Taste I would miss also but not the most. A great steak grilled to perfection. My wife's homemade apple pie for my birthday. My step mom's macaroni salad. The interesting deserts my oldest comes up with (the latest was peanut butter, chocolate and Nerds candy made into a Reese's type cup). A stadium dog at a football or baseball game. A fresh pizza pie from our local establishment. All these would be missed.

The sense I would miss most though I believe would be smell. The smell of a new born child. The familiar sent of my family. The sent of rain in the spring time, freshly cut alfalfa in the summer, leaves in autumn that are starting to just slightly decompose, the first time the furnace kicks on in the fall. The smell of someone grilling in the evening, the flowers my daughters pick to give to their mother. I really think I would miss smell the most. Scent can bring back memories so vivid that you can almost taste, feel, see or hear the event again in your head. When a scent triggers one of these moments it is as if the moment never ended.

I realize this is not going to be the same for everyone and I never thought it would. For me the loss of scent would be hardest. Don't get me wrong I am truly blessed to have all my sense's, exception of course is common, and would miss all the others but for me not being able to smell would be terrible.

Monday, May 16, 2011

Time to think.


As I pause from work and take my daily walk to clear my mind and leave the stress there I look up at the almost starless sky, most of them being drowned out by the city lights. The nearly full moon is so bright now it cast slight shadows.

The cool temperature on my face makes me realize how blessed I am to have a good job, a roof over my head and a family to share it with.
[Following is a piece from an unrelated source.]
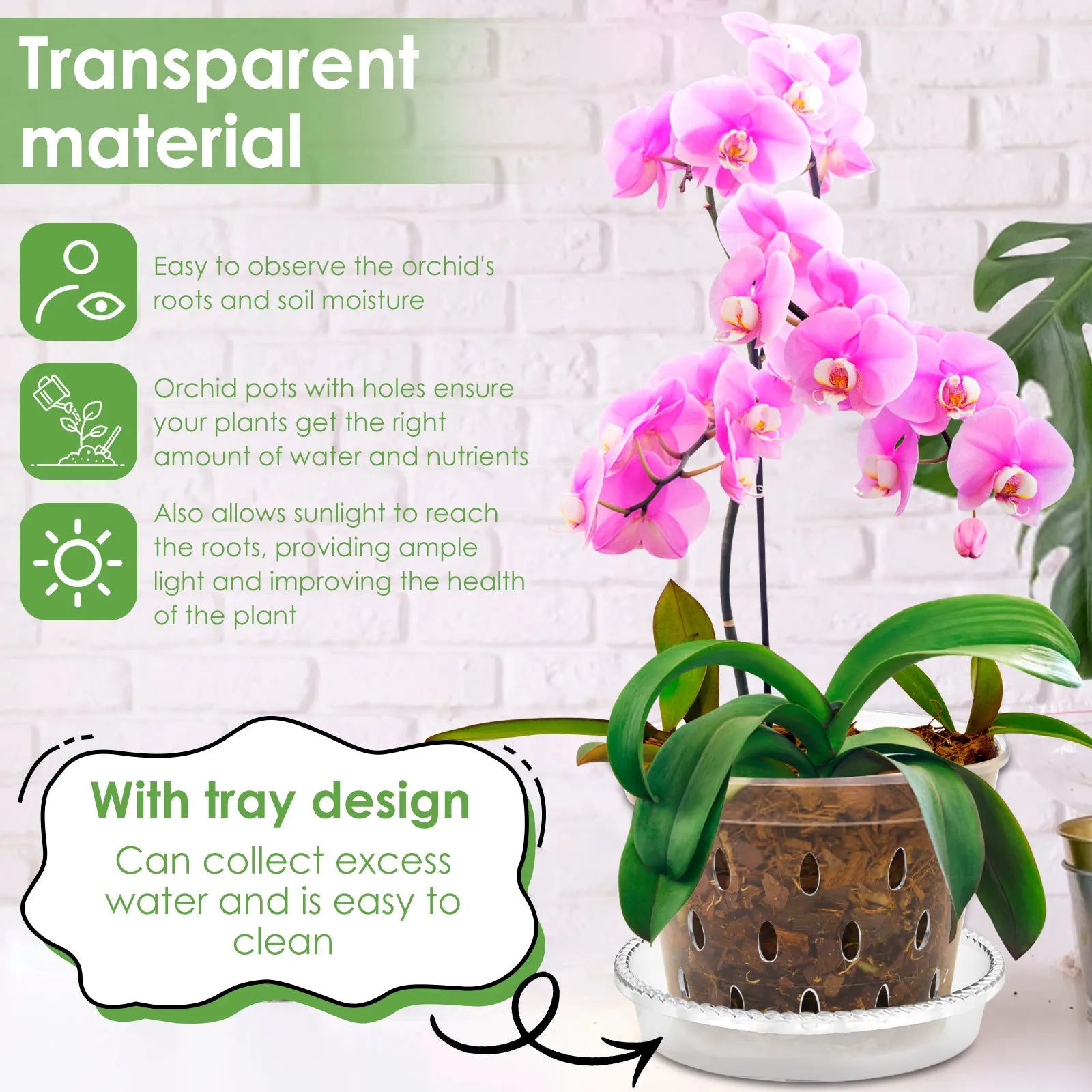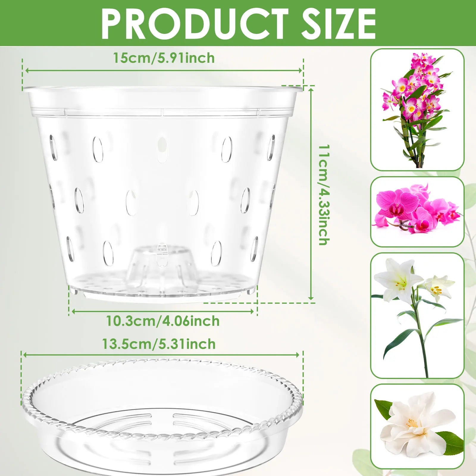 5Pcs Plastic Orchid Pot 4/5/6inch Transparent Slotted Orchid Pots with Holes and Saucers Breathable Flower Plant Pot for Nursery

My mind wonders off while listening to the music from my ear buds. I think of my cousin who passed last week at the age of 41; he was much too young. I think of how I let our relationship get weaker and wonder how one does that? How do you let family become so distant? I will be attending the funeral early this next week but feel ashamed, should I go even though I didn't take the time to visit when he was still with us? I am going to go and pay respects because no matter how distant one becomes he was still family and I loved him.

I think of two dear friends. One is struggling with the trials and tribulations that life presents. This economy has been kind to very few and this person is feeling the affects and needs to make some difficult choices. The other friend on my mind is struggling with an illness that is unexplained. The doctors are finding nothing and my friend is concerned and scared at the same time. I pray for both that they will find answers and comfort with the difficult decisions that need to be made.

Lunch is over, time to get back to work. Answers will come and I will not search for them, I will have faith and let things happen as they will.